They’re murdering the peasants and, sending them away everywhere.
It’s oppression, oppression, oppression.” I saw near Moscow a
group of hungry looking, miserable peasants being driven along by a Red
Army soldier with his bayonet fixed, on his rifle. The treatment of
the other peasants has been equally cruel. Their land and, livestock
taken away from them, they have been condemned to the status of starving,
landless serfs.
The
final reason for the famine in Soviet Russia has been the Soviet export of
food stuffs. So anxious has the Soviet Government been to meet its
obligations abroad that it has exported grain, butter, and eggs in order
to buy machinery while the population was starving at home. In this
respect the Soviet Government has followed the example of the Tsarist
Government, which used to export grain even in a year of food
shortage. There was never in Tsarist Russia, however, a famine which
hit every part of Russia as today.
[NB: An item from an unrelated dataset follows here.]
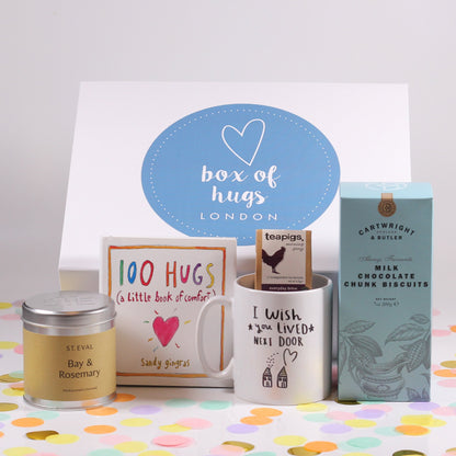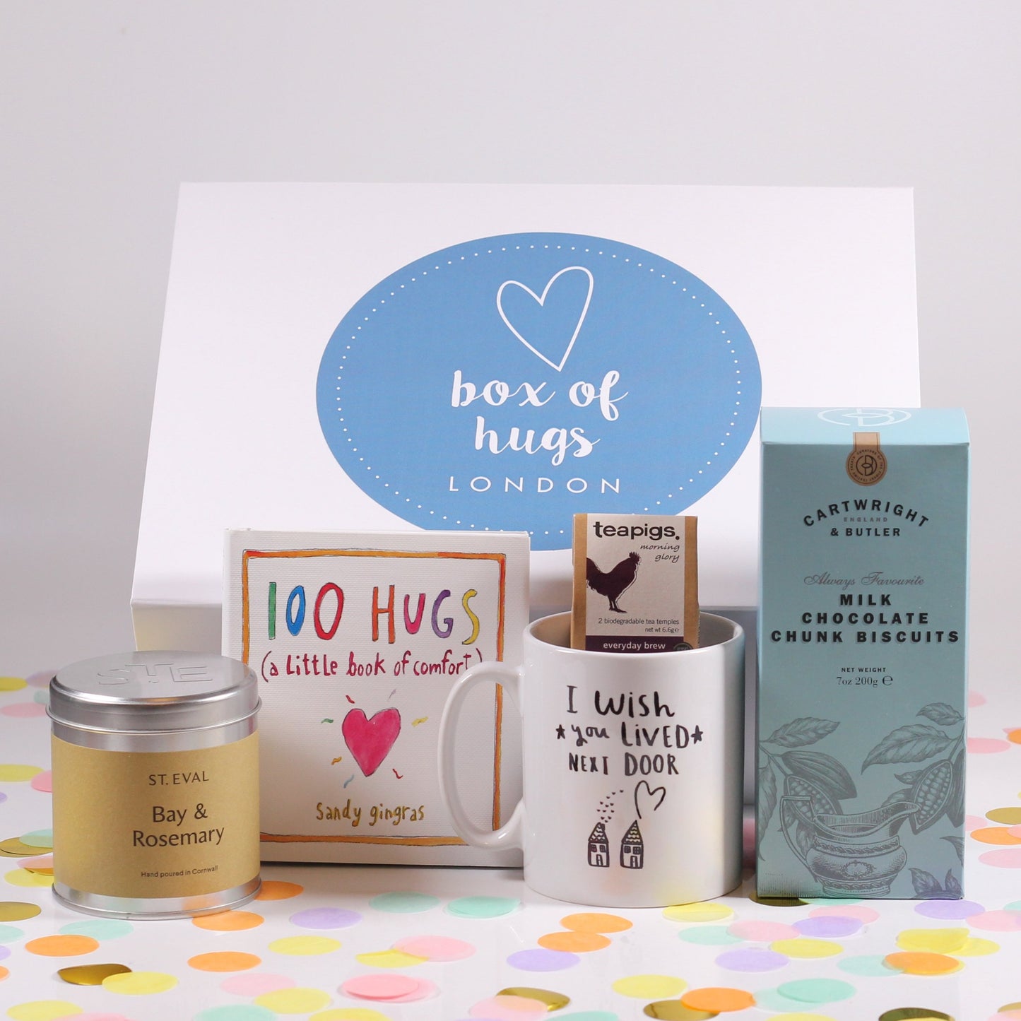 Cheer someone up with a surprise package through the post. This Box of Comfort gift is perfect for letting someone know you care and are thinking of them. It includes a gorgeous Bay & Rosemary scented candle by St Eval which is a Box of Hugs favourite, a 100 hugs book filled with 100 uplifting reminders that hugs are everywhere, a mug of your choice, some tea and of course some yummy chocolate chip biscuits for dunking! It really is a box full of comfort and is guaranteed to raise a smile. A lovely alternative to flowers.

To export food at such a period
has aggravated the hunger, and although the Soviet Government deserves
praise for its habit of paying punctually it has by its policy harmed the
health and endangered the life of a considerable section of its
population.
The
taking of the land away from the peasant, the massacre of the cattle, the
exile of the most hard-working peasants, and the export of food-those are
the four main reasons why there is famine in Russia to-day.